RECORDED INFORMATION:
________

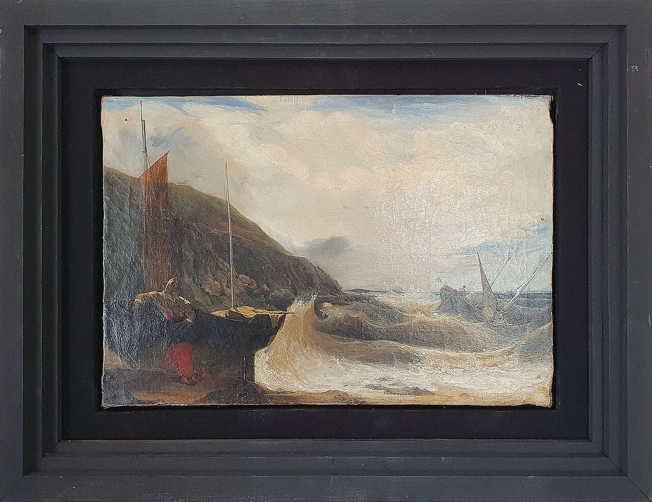 Paesaggio marino romantico. Pittore francese, epoca 1830 circa, "Bretagna". Olio su tela.
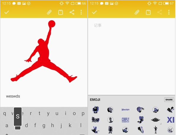 耐克對這款喬丹輸入法的定位就是,讓你輸入各種Air Jordan相關的圖案,以及Air Jordan鞋子的圖片,還是與耐克平品牌息息相關的,它提供了Air Jordan圖案和喬丹鞋的EMOJI。此外,用它來輸入這些表情,似乎也不是即按即得,點擊某個表情后,需要通過安卓系統的分享接口,才能把表情粘貼到某個App的輸入窗口中。不知道其他使用者是否也這樣!
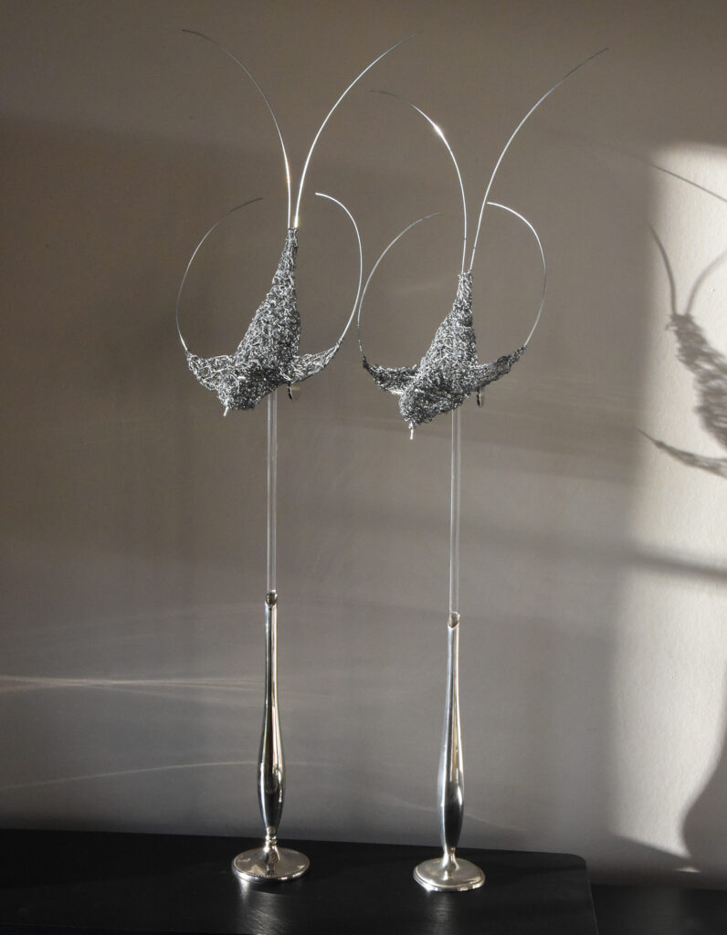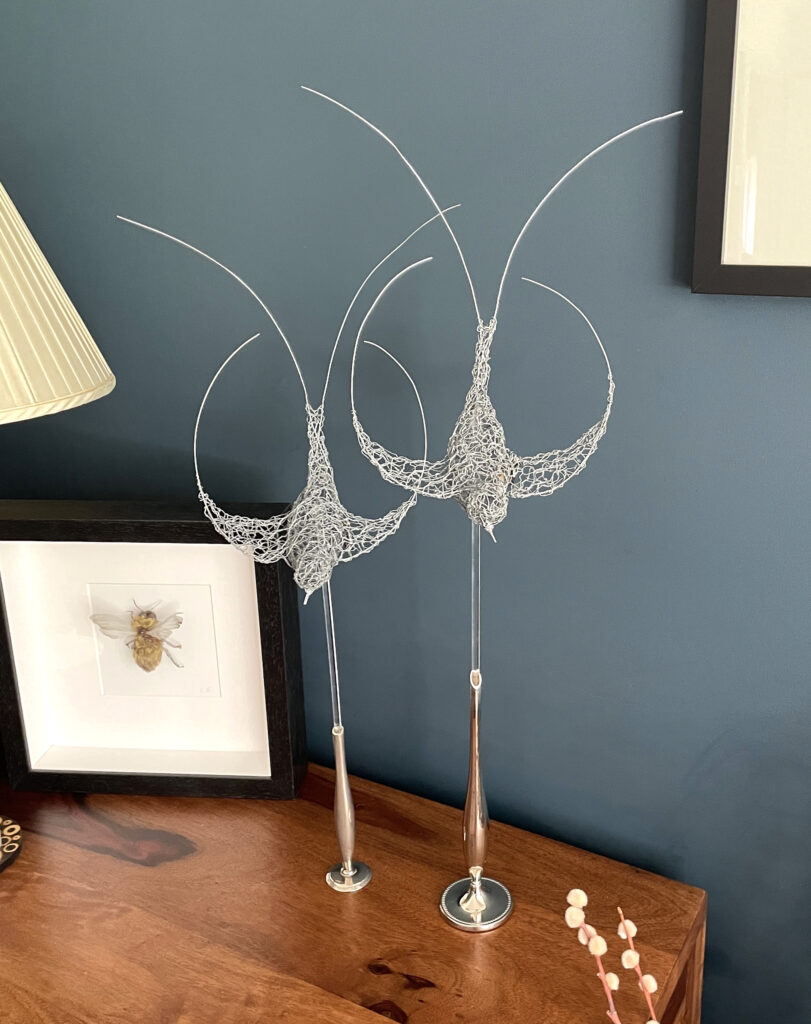 Later in the same year, having seen and liked my work, a couple of friend’s asked if I would be willing to make a “Twist” for them. Specifically they both asked if they could commission a swallow each. I headed for the studio and “Twisted” a pair of birds to add to my series of little sky dancers.

________

PROMPT: If a line holds a picture, skip the picture and transcribe the rest of the material exactly.

EXPECTED ANSWER:
 Paesaggio marino romantico. Pittore francese, epoca 1830 circa, "Bretagna". Olio su tela.
 耐克對這款喬丹輸入法的定位就是,讓你輸入各種Air Jordan相關的圖案,以及Air Jordan鞋子的圖片,還是與耐克平品牌息息相關的,它提供了Air Jordan圖案和喬丹鞋的EMOJI。此外,用它來輸入這些表情,似乎也不是即按即得,點擊某個表情后,需要通過安卓系統的分享接口,才能把表情粘貼到某個App的輸入窗口中。不知道其他使用者是否也這樣!
 Later in the same year, having seen and liked my work, a couple of friend’s asked if I would be willing to make a “Twist” for them. Specifically they both asked if they could commission a swallow each. I headed for the studio and “Twisted” a pair of birds to add to my series of little sky dancers.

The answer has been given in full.